■ **Exercise inputs**
■ ■ ■

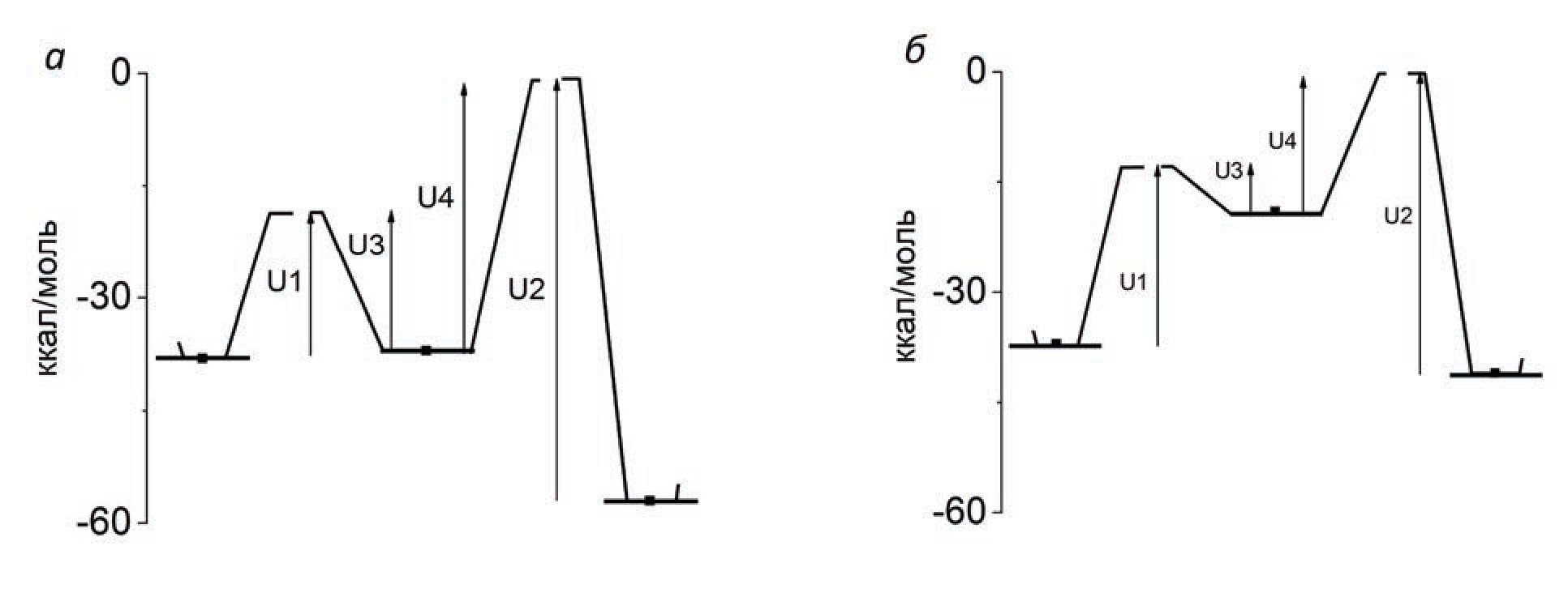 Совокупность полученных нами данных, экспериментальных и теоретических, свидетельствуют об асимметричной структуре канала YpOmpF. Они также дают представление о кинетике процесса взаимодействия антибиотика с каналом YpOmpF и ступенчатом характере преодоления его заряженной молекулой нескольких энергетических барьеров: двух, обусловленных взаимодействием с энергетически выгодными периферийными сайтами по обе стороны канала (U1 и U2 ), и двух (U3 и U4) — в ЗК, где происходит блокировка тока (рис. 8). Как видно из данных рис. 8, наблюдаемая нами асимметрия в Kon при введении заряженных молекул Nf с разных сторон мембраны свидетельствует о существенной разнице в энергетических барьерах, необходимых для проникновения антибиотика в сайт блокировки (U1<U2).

■ ■ ■

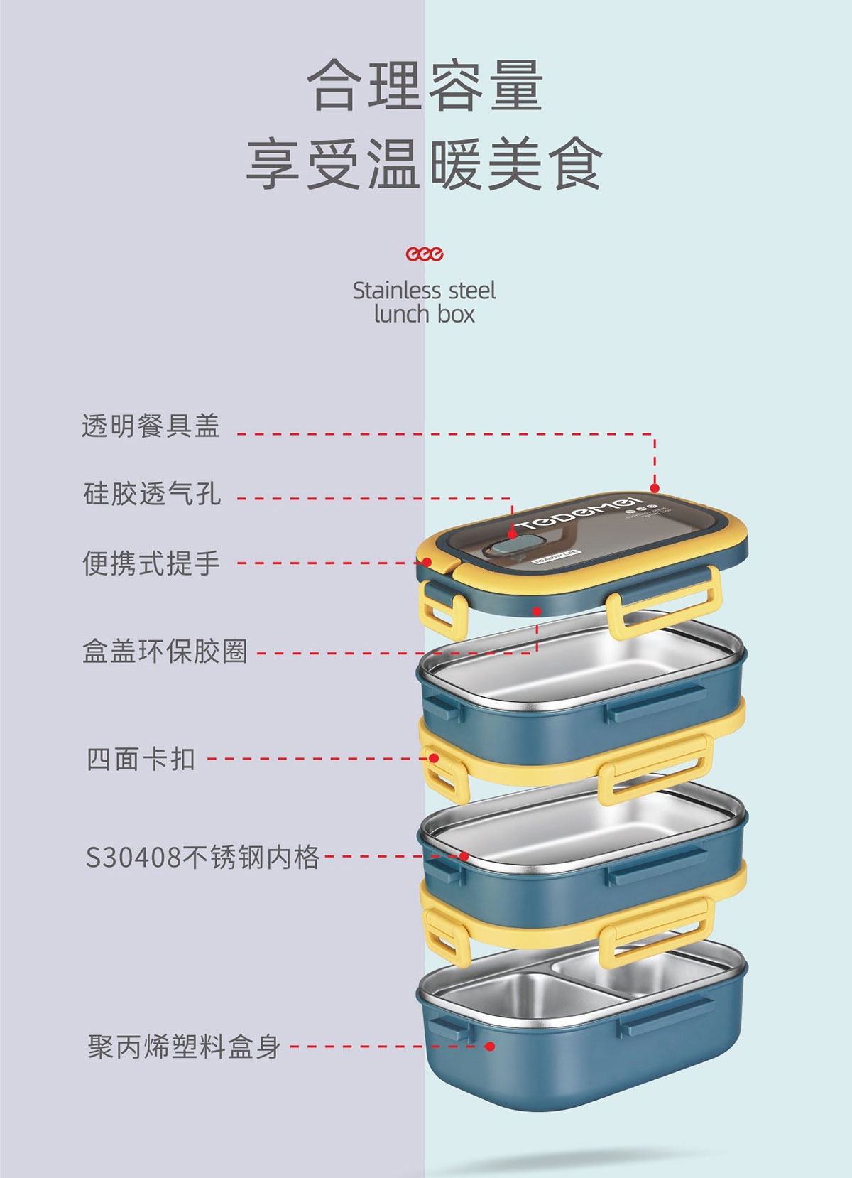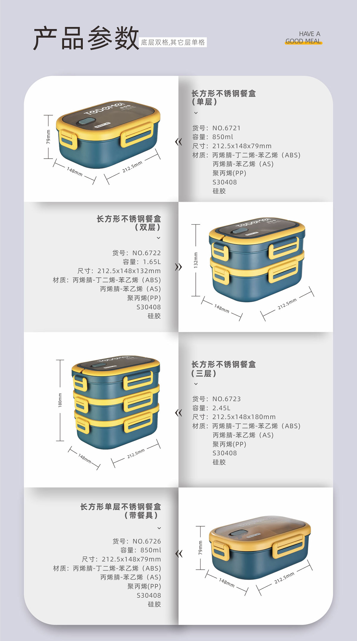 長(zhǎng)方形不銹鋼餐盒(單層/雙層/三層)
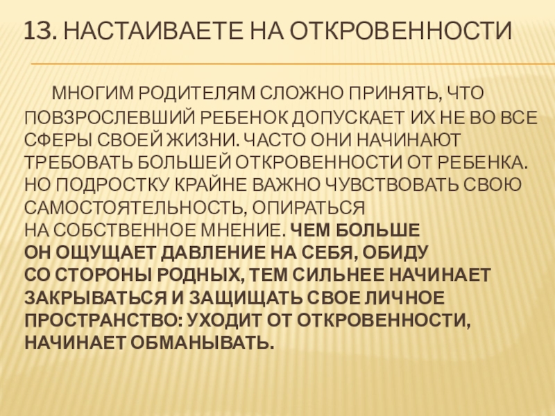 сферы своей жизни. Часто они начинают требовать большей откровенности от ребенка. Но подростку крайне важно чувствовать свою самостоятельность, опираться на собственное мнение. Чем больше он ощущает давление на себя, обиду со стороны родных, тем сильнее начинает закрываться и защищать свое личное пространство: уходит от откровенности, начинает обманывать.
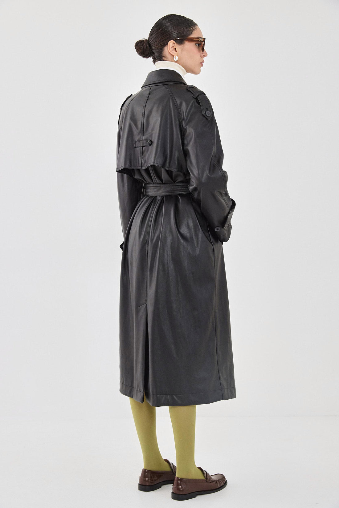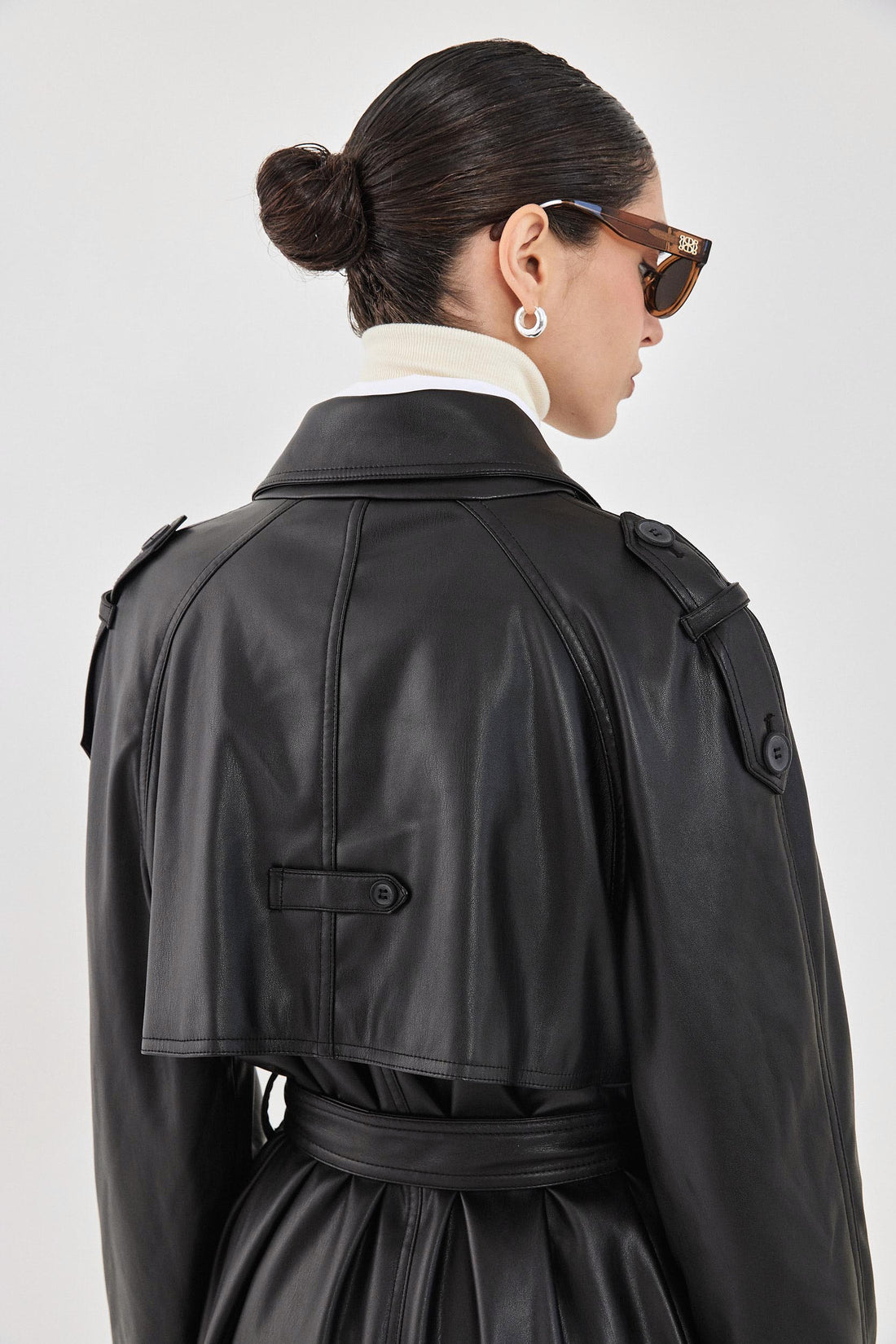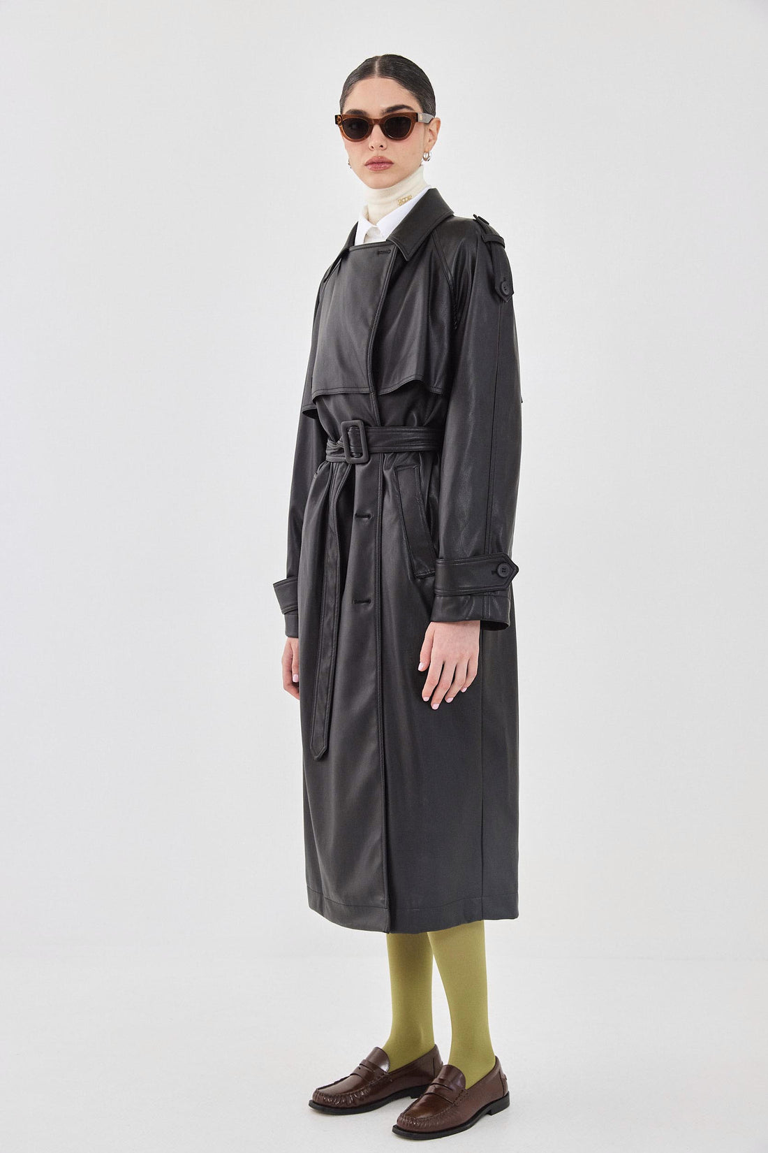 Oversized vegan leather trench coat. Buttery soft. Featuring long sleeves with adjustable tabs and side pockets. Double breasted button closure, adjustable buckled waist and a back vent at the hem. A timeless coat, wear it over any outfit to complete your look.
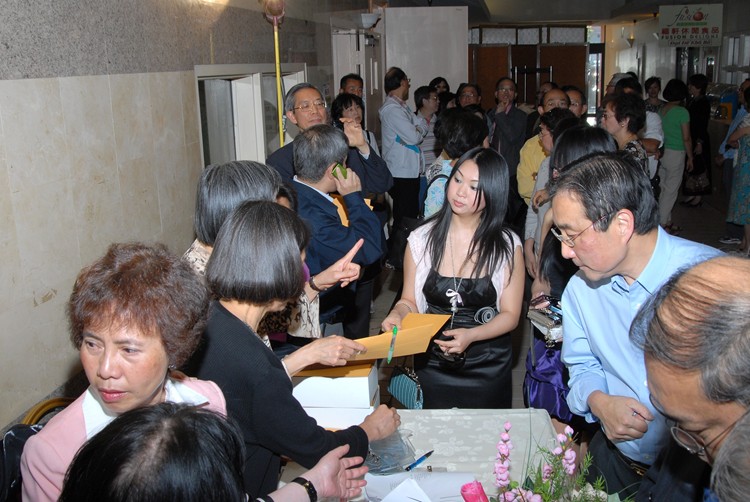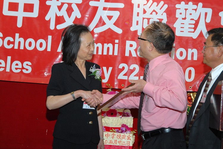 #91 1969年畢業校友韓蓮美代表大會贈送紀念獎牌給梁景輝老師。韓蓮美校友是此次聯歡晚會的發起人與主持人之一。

■ ■ ■

■ **What to work on**
Above, find the line holding "長(zhǎng)方形不銹鋼餐盒(單層/雙層/三層)" and the line holding "#91 1969年畢業校友韓". Print exactly those two lines and every line between them, but no pictures.

■ **Answer box**
 長(zhǎng)方形不銹鋼餐盒(單層/雙層/三層)
 сферы своей жизни. Часто они начинают требовать большей откровенности от ребенка. Но подростку крайне важно чувствовать свою самостоятельность, опираться на собственное мнение. Чем больше он ощущает давление на себя, обиду со стороны родных, тем сильнее начинает закрываться и защищать свое личное пространство: уходит от откровенности, начинает обманывать.
 Oversized vegan leather trench coat. Buttery soft. Featuring long sleeves with adjustable tabs and side pockets. Double breasted button closure, adjustable buckled waist and a back vent at the hem. A timeless coat, wear it over any outfit to complete your look.
 #91 1969年畢業校友韓蓮美代表大會贈送紀念獎牌給梁景輝老師。韓蓮美校友是此次聯歡晚會的發起人與主持人之一。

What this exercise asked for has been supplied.